↓
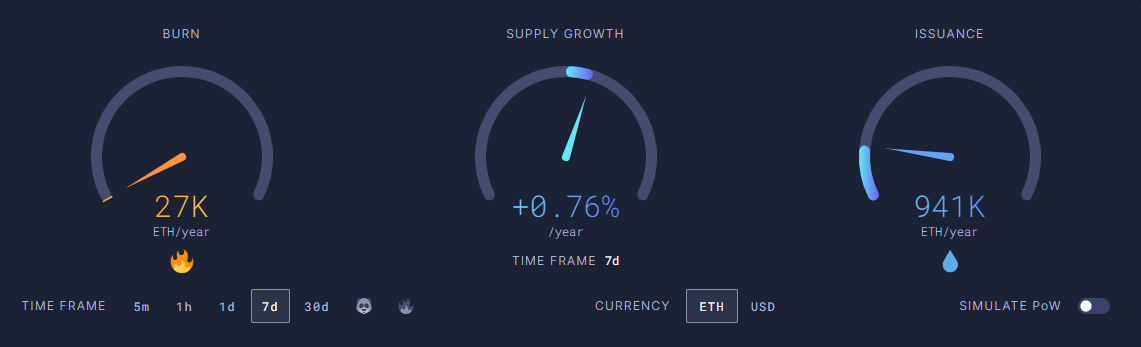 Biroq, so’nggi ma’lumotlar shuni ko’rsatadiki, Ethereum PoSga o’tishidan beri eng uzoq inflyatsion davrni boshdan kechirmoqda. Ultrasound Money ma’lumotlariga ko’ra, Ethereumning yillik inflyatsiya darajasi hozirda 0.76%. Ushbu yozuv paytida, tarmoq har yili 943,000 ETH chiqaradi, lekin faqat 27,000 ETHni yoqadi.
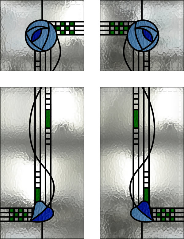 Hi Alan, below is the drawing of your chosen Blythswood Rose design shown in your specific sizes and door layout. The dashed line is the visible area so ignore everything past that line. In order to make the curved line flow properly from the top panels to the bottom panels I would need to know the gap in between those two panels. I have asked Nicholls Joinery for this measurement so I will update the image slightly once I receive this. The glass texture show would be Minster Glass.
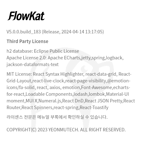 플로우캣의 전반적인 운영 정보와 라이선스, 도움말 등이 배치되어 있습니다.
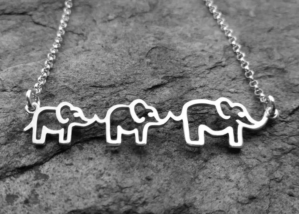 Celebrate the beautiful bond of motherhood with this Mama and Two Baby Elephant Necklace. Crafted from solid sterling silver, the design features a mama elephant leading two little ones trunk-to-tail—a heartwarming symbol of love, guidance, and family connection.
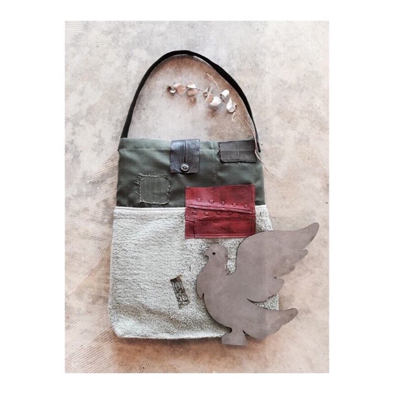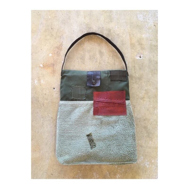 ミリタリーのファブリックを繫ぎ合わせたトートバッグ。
↑
↓
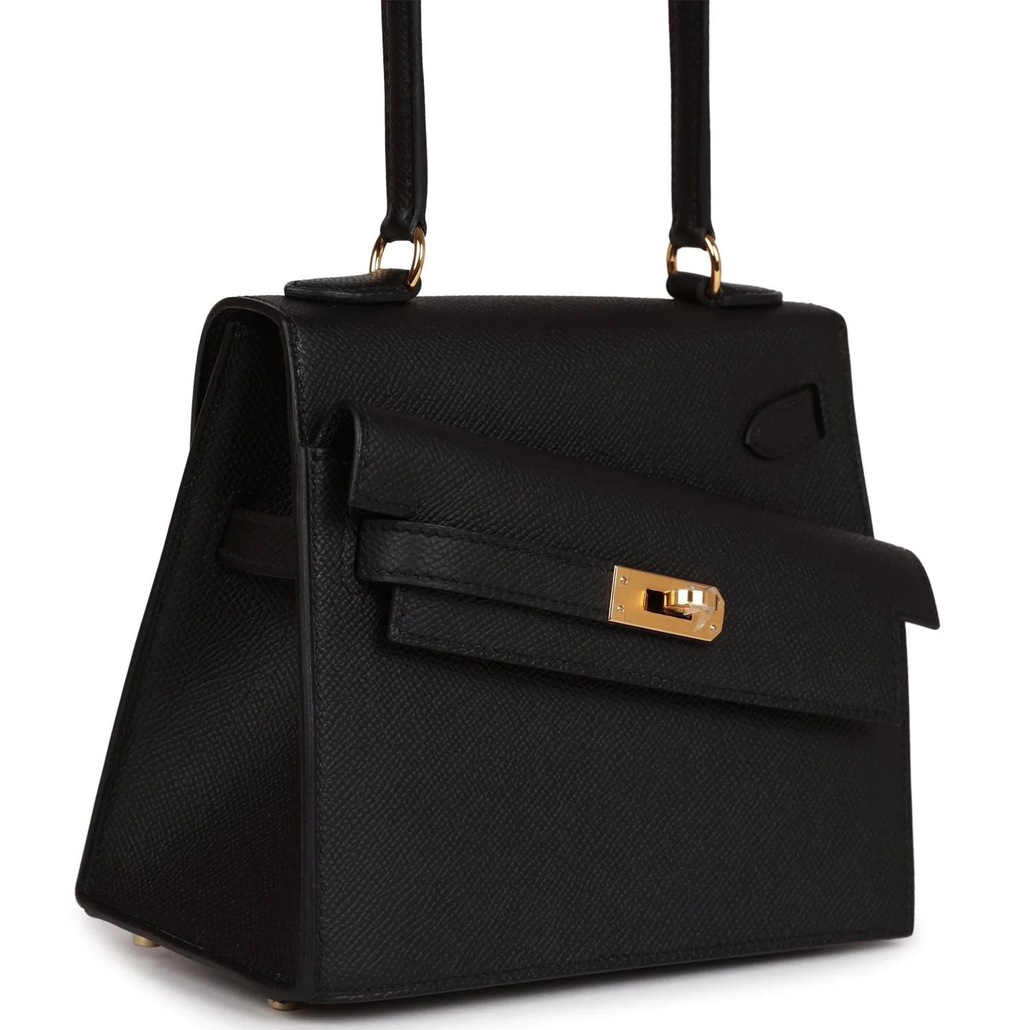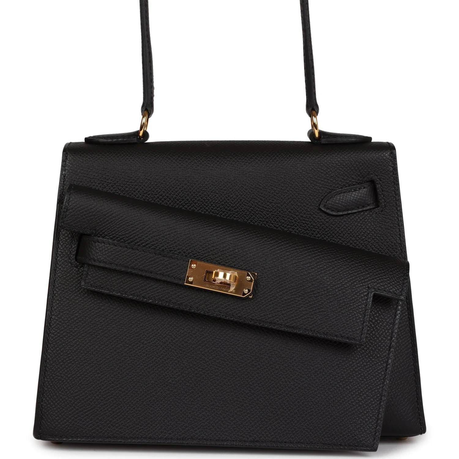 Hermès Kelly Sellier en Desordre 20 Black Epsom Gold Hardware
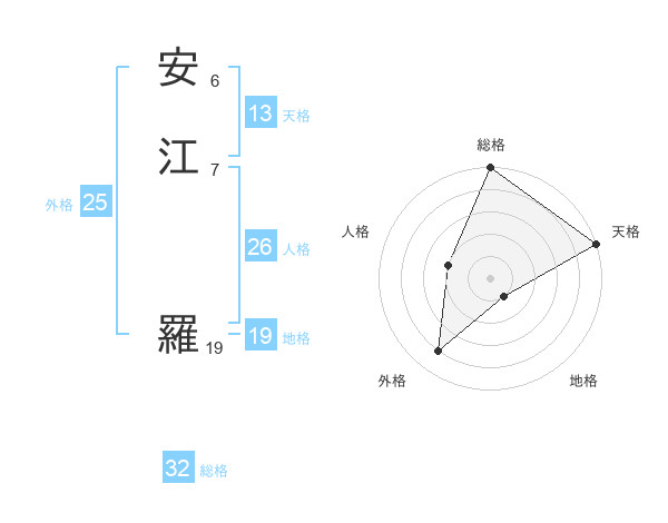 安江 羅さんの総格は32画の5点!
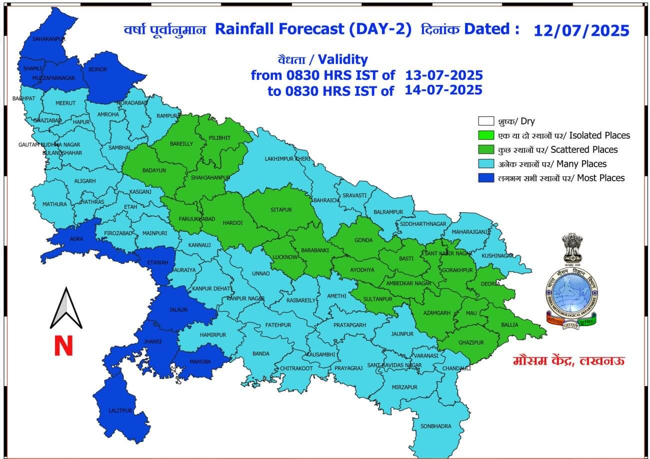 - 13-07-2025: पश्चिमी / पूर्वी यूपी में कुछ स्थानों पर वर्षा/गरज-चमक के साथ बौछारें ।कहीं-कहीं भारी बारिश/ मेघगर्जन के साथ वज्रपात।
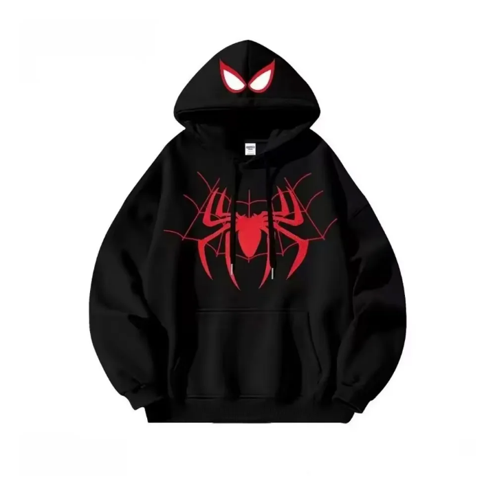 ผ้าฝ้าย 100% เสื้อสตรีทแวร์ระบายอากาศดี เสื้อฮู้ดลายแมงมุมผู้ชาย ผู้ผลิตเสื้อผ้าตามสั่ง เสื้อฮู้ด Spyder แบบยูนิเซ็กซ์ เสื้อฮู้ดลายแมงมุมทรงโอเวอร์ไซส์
↑
Work instructions — Starting at the line above that contains "플로우캣의 전반적인 운영 정보와 라이선스, 도움말 등이 배치되어 있습니다.", transcribe every line exactly through the line that contains "Celebrate the beautiful", including that last one, and skip the pictures.

Written answer —
 플로우캣의 전반적인 운영 정보와 라이선스, 도움말 등이 배치되어 있습니다.
 Celebrate the beautiful bond of motherhood with this Mama and Two Baby Elephant Necklace. Crafted from solid sterling silver, the design features a mama elephant leading two little ones trunk-to-tail—a heartwarming symbol of love, guidance, and family connection.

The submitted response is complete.